Image: Gethsemane by P. Solomon Raj

Image: Gethsemane by P. Solomon Raj

Last night during Bible Circle we read Mark 14 and 15 and then passed a talking stone to share what stood out to us. A lot of us noticed the disciples leaving Jesus. Or the loneliness of Jesus in those hours leading up to his death—he faced his accusers alone, he was alone when he was whipped and mocked. Where was everyone? Why did they sleep when he asked them to pray?

He told Peter, James, and John, “I am so sad that I feel as if I am dying. Stay here and keep awake with me.” Mark 14:34 (CEV)

I feel that I have felt that kind of sadness before. I have been so sad that I wondered if I would die from it. And whatever it is that I felt, I’m sure Jesus felt it more. We find it hard to offer one another companionship in that kind of sadness. We find it hard to sit and wait. Perhaps we would rather come to our own defense (“I will never betray you!”) or offer solutions. 

I thought about how Jesus says of Mary Magdalene, “She who has been forgiven much, loves much.” Mary had sat in that kind of lonely sadness before. She had no delusions that it would not find her, or that bad things wouldn’t happen to them all. And being loved in her own sadness, called out of her lonely sadness by Jesus gave her the strength to stay: to watch his death, care for his body, and show up at his tomb. Maybe Peter, James, and John just hadn’t been tested enough yet. 

They would be, and later, that same ability shows up in them. 

And there Jesus was, steadfast in love while they all fumbled, chopped people’s ears off, ran away, swore they didn’t know him. He remained in love. They couldn’t take that away from him, though they stripped him of dignity and life. 

I find it so hard to keep my own brain from looping into a poor-me story. Sad and abandoned, lonely and misunderstood. Even in my beautiful, abundant, untouched-by-violence life, I find this hard. I feel the strength of what Jesus did, remaining in love, not blaming, not resisting.
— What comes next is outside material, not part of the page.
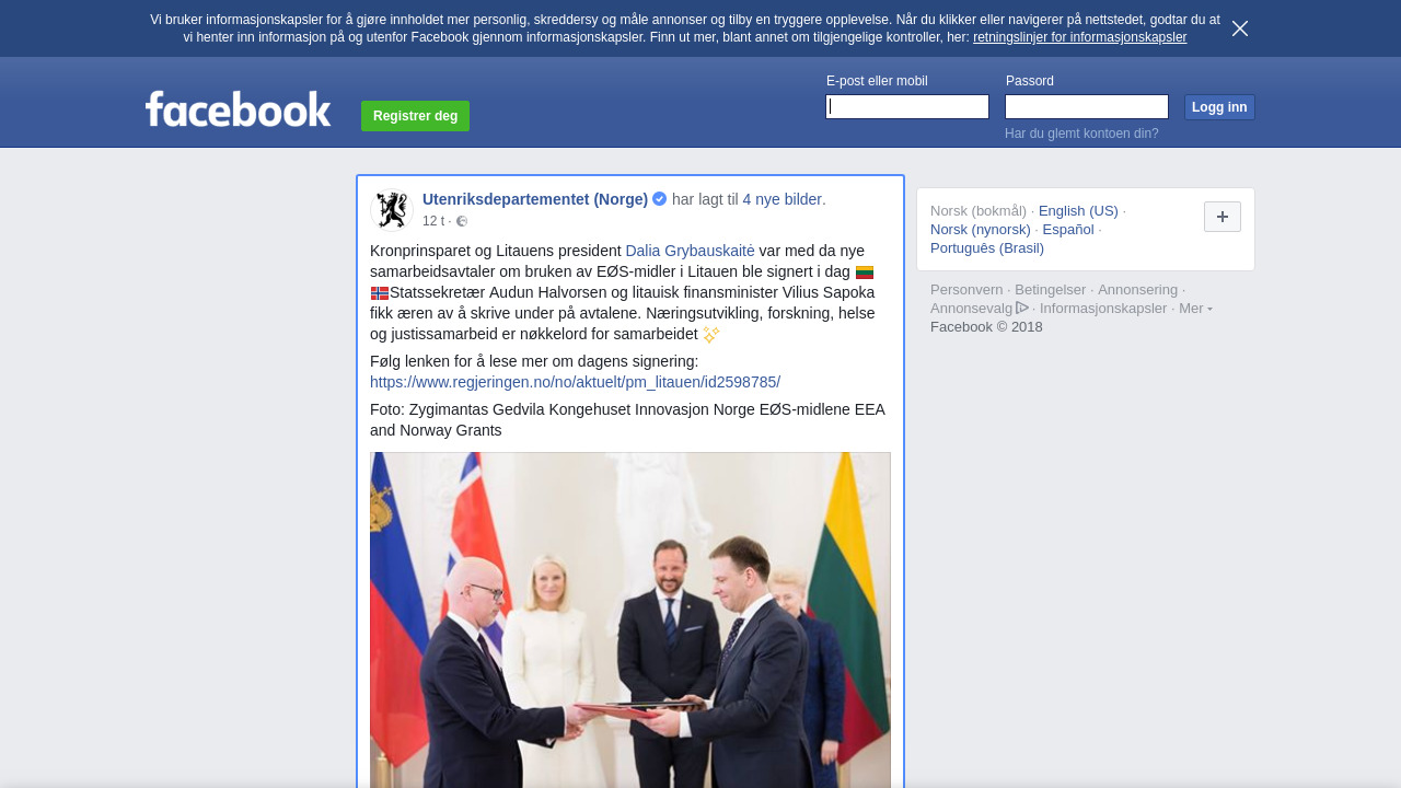 Kronprinsparet og Litauens president Dalia Grybauskaitė var med da nye samarbeidsavtaler om bruken av EØS-midler i Litauen ble signert i dag 🇱🇹🇳🇴Statssekretær Audun Halvorsen og litauisk finansminister Vilius Sapoka fikk æren av å skrive under på avtalene. Næringsutvikling, forskning, helse og justissamarbeid er nøkkelord for samarbeidet ✨

I want to lean into him in this moment. Allowing, accepting, being ready for the road God gave him to travel. I want to be like that. I also want to learn from him to sit with others in their sadness.

My heart is heavy with his death and his loneliness. And the Father in that moment bore deep and heavy suffering as well. The suffering of the Son, the grief of the Father. The love between them in that moment. For what? For a new creation of reconciliation, oneness between God and humanity.

At the end of the discussion last night, we remembered that this story would be the worst ever if not for the resurrection. Jesus endured for the joy set before him. I am about as crappy in centering myself, feeling badly for myself, and being defensive, as any of the disciples were. And yet we all are loved into a new reconciliation, a connectedness that contains a million seeds of possibility- things God and we can do and be together because of this suffering. 

What a day. A hard, horrifying, sad, good day.